▶ Task instructions: In your reply, repeat the full listing exactly and leave each picture out.

▶ Task inputs:

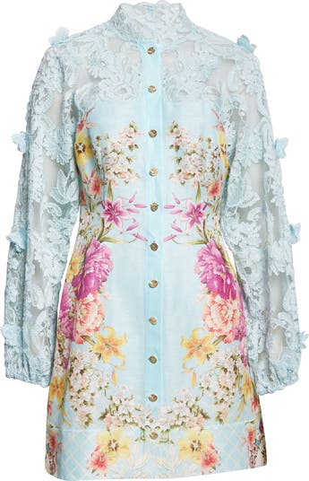 Sheer yokes and sleeves illustrated in embroidered floral lace frame this short shirtdress cut from a linen-silk blend patterned with a vibrant limited-edition print inspired by the color-soaked vibrancy of Turkish bazaars. Dainty butterflies alight on the lacy flowers and golden buttons, whimsically finishing the look.
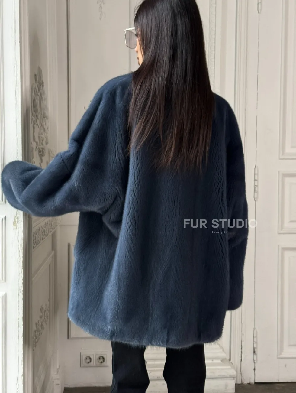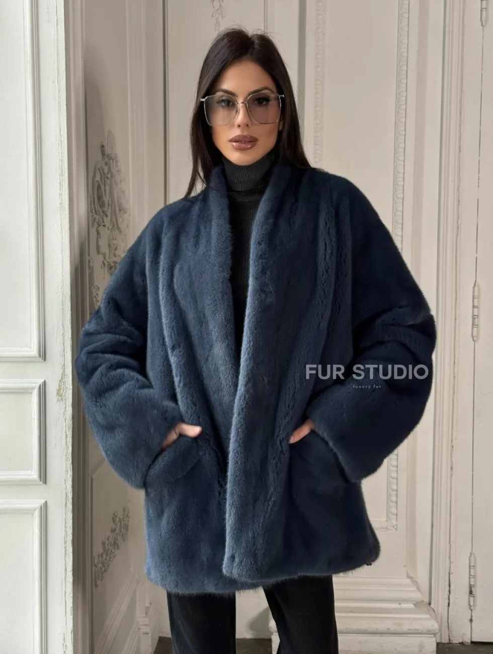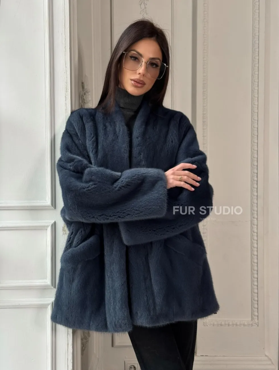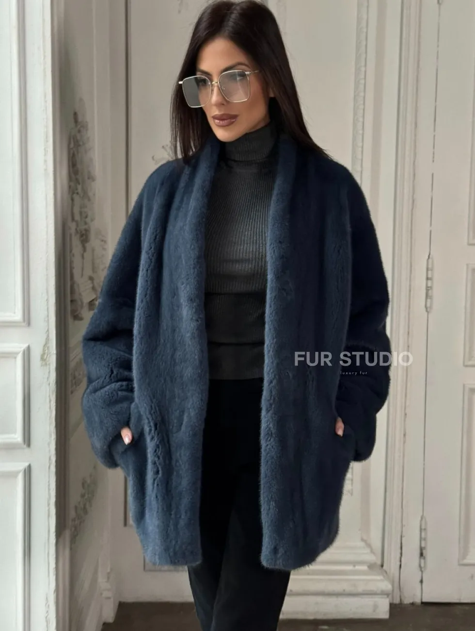 Мех данной шубы скандинавская норка, цвет синий. Предлагается в размерах от 42 до 52. Длина модели 70-75 см, что выгодно подчеркивает фигуру девушек. Эта модель идеально подойдет для девушек и женщин, предпочитающих роскошные натуральные меха.
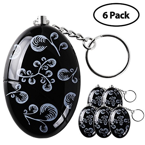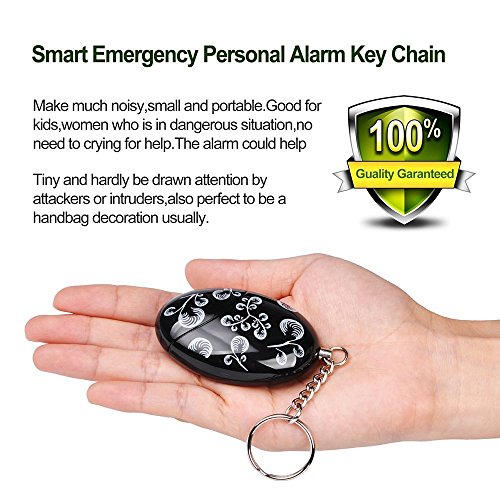 -. Feature : 120dB LOUD SOUND. The alarm sounds great, people can draw attention even in a far distance. Good for adventurer who is in dangerous situation. The sounds could last 40-60 minutes and the sound will be gradually loud, in addition, it will not hurt your ears / MULTI-FUNCTIONS and Environmental Design. Black color and special painting style make this alarm more unique and fashionable while providing self defense protection. The alarm can be reused, Non-disposable product. And the battery is replaceable battery / MANY USES. Fit for: Students, Jogger, Elderly, Kids, Women, Night workers. It's also a security necessary supply for traveling, hiking, camping and walking the dogs. The design and function is ideal for all ages / SMALL AND PORTABLE. This personal alarm keychain is small and portable, can be attached on ladies bag, schoolbag, backpack, belt loops, suitcases, keys, dog Leash. And it can be brought on board a plane, very convenient / WITH INSTRUCTIONS AND GUARANTEED. There is a small instruction paper inside the box. Within one year, any fault caused by non-artificial reasons we will maintain freely, please feel free to contact us
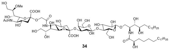 However, ET-743 (29) has been obtained by a short and straightforward semisynthetic process developed and patented by PharmaMar, starting from Cyanosafracin B, (33), produced by the fermentation of the bacterium Pseudomonas fluorescens [101,109]. Starting from Cyanosafracin B (33), ET-743 (29) was obtained on a multigram scale in a very short and direct route (19 steps only), in an economically cost-effective process with a 1.4% overall yield (Scheme 12). The chemical methodology developed in this semisynthesis has shown to be of great versatility accessing the other ecteinascidins through the N-demethylation of the fully protected intermediate leading to Ecteinascidin 729, ET-729, whose bridgehead amine allows nitrogen derivatives of the ecteinascidins and facilitates access to compounds difficult to obtain from the natural source.
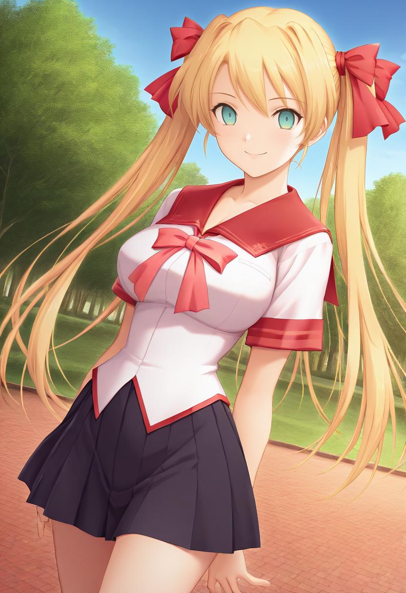 사키 아케히메: 1girl, saki, 연한 녹색 눈, 금발, 더블테일, 긴 머리, 빨간 머리리본, 학교 유니폼, 빨간 해적 칼라, 분홍색 가슴 리본, 짧은 소매, 검은 접힌 치마, 미니 치마,

▶ Result of this task:
 Sheer yokes and sleeves illustrated in embroidered floral lace frame this short shirtdress cut from a linen-silk blend patterned with a vibrant limited-edition print inspired by the color-soaked vibrancy of Turkish bazaars. Dainty butterflies alight on the lacy flowers and golden buttons, whimsically finishing the look.
 Мех данной шубы скандинавская норка, цвет синий. Предлагается в размерах от 42 до 52. Длина модели 70-75 см, что выгодно подчеркивает фигуру девушек. Эта модель идеально подойдет для девушек и женщин, предпочитающих роскошные натуральные меха.
 -. Feature : 120dB LOUD SOUND. The alarm sounds great, people can draw attention even in a far distance. Good for adventurer who is in dangerous situation. The sounds could last 40-60 minutes and the sound will be gradually loud, in addition, it will not hurt your ears / MULTI-FUNCTIONS and Environmental Design. Black color and special painting style make this alarm more unique and fashionable while providing self defense protection. The alarm can be reused, Non-disposable product. And the battery is replaceable battery / MANY USES. Fit for: Students, Jogger, Elderly, Kids, Women, Night workers. It's also a security necessary supply for traveling, hiking, camping and walking the dogs. The design and function is ideal for all ages / SMALL AND PORTABLE. This personal alarm keychain is small and portable, can be attached on ladies bag, schoolbag, backpack, belt loops, suitcases, keys, dog Leash. And it can be brought on board a plane, very convenient / WITH INSTRUCTIONS AND GUARANTEED. There is a small instruction paper inside the box. Within one year, any fault caused by non-artificial reasons we will maintain freely, please feel free to contact us
 However, ET-743 (29) has been obtained by a short and straightforward semisynthetic process developed and patented by PharmaMar, starting from Cyanosafracin B, (33), produced by the fermentation of the bacterium Pseudomonas fluorescens [101,109]. Starting from Cyanosafracin B (33), ET-743 (29) was obtained on a multigram scale in a very short and direct route (19 steps only), in an economically cost-effective process with a 1.4% overall yield (Scheme 12). The chemical methodology developed in this semisynthesis has shown to be of great versatility accessing the other ecteinascidins through the N-demethylation of the fully protected intermediate leading to Ecteinascidin 729, ET-729, whose bridgehead amine allows nitrogen derivatives of the ecteinascidins and facilitates access to compounds difficult to obtain from the natural source.
 사키 아케히메: 1girl, saki, 연한 녹색 눈, 금발, 더블테일, 긴 머리, 빨간 머리리본, 학교 유니폼, 빨간 해적 칼라, 분홍색 가슴 리본, 짧은 소매, 검은 접힌 치마, 미니 치마,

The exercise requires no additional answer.